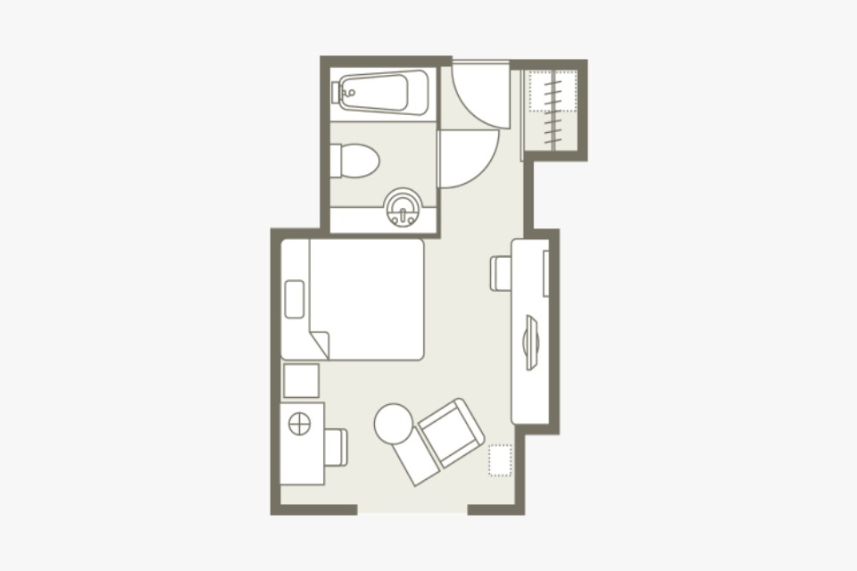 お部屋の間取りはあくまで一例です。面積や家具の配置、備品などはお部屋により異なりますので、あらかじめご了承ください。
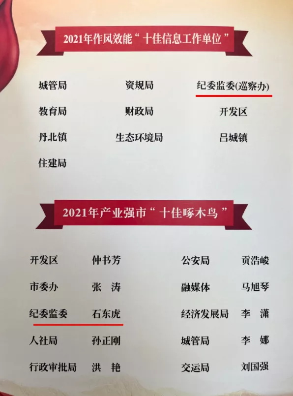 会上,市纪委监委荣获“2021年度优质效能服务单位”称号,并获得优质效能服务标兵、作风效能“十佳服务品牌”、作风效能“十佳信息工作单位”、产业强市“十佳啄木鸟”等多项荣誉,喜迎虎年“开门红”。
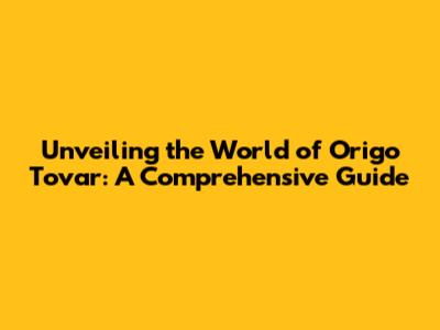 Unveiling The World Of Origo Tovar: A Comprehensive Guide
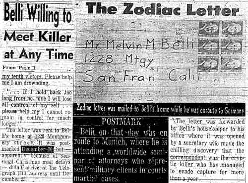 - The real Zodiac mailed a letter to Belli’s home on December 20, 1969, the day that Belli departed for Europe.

WHAT YOU WILL DO >> The data above should be restated exactly, with its images dropped.

ANSWER BOX >>
 お部屋の間取りはあくまで一例です。面積や家具の配置、備品などはお部屋により異なりますので、あらかじめご了承ください。
 会上,市纪委监委荣获“2021年度优质效能服务单位”称号,并获得优质效能服务标兵、作风效能“十佳服务品牌”、作风效能“十佳信息工作单位”、产业强市“十佳啄木鸟”等多项荣誉,喜迎虎年“开门红”。
 Unveiling The World Of Origo Tovar: A Comprehensive Guide
 - The real Zodiac mailed a letter to Belli’s home on December 20, 1969, the day that Belli departed for Europe.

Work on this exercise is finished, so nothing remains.